---- Data shown
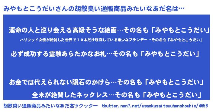 | ヘコむあだ名 | 『みやもー』『レバニラ』『みやっぺ』 |
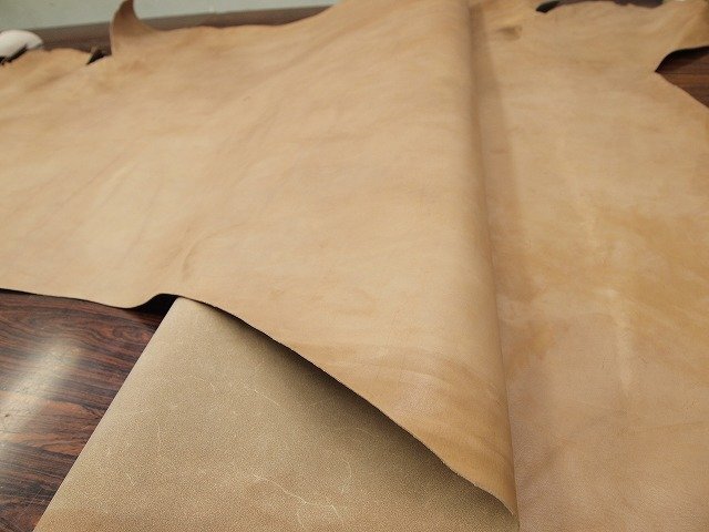 Y-25090128 栃木レザー 牛・タンニン ヌメ下地 200ds程度 半裁一部カット 1.0mm ナチュラル 1枚
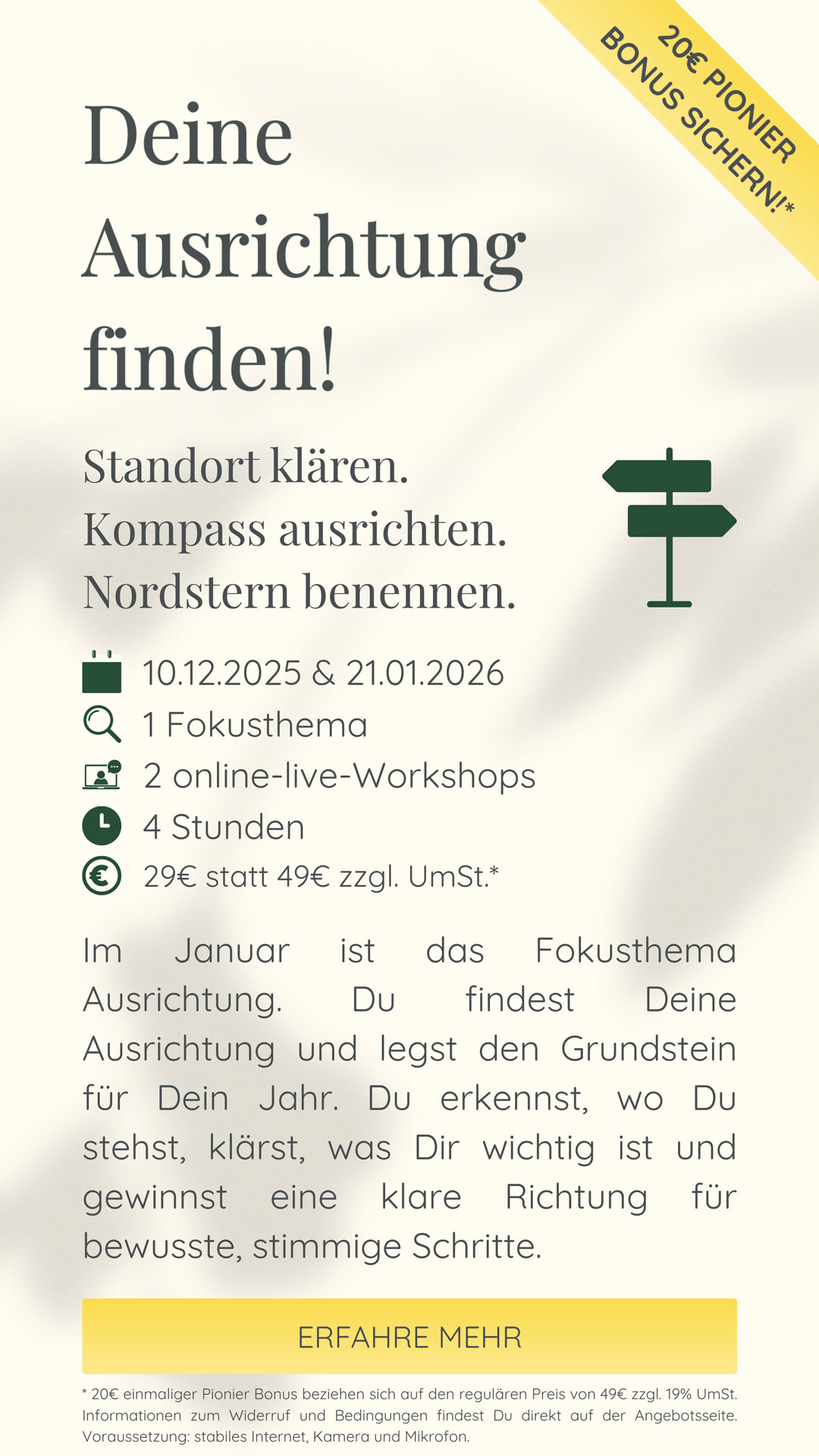 Du fühlst innere Unruhe, Entscheidungen fallen Dir schwer und Dein Weg wirkt unklar. Deine Gedanken kreisen, die vielen Rollen überfordern Dich und unsichtbare Hürden im Umfeld bremsen Dich aus. Alltagstrigger rauben Dir Energie, Selbstzweifel nagen an Dir und Selbstfürsorge bleibt liegen. Du reagierst, statt bewusst zu gestalten. Du glaubst Du bist alleine damit.
--------
Reproduce the lines of the data that run from the one containing "Y-25090128 栃木レザー 牛・タンニン" to the final line, both included, exactly as they appear and without the pictures.

 Y-25090128 栃木レザー 牛・タンニン ヌメ下地 200ds程度 半裁一部カット 1.0mm ナチュラル 1枚
 Du fühlst innere Unruhe, Entscheidungen fallen Dir schwer und Dein Weg wirkt unklar. Deine Gedanken kreisen, die vielen Rollen überfordern Dich und unsichtbare Hürden im Umfeld bremsen Dich aus. Alltagstrigger rauben Dir Energie, Selbstzweifel nagen an Dir und Selbstfürsorge bleibt liegen. Du reagierst, statt bewusst zu gestalten. Du glaubst Du bist alleine damit.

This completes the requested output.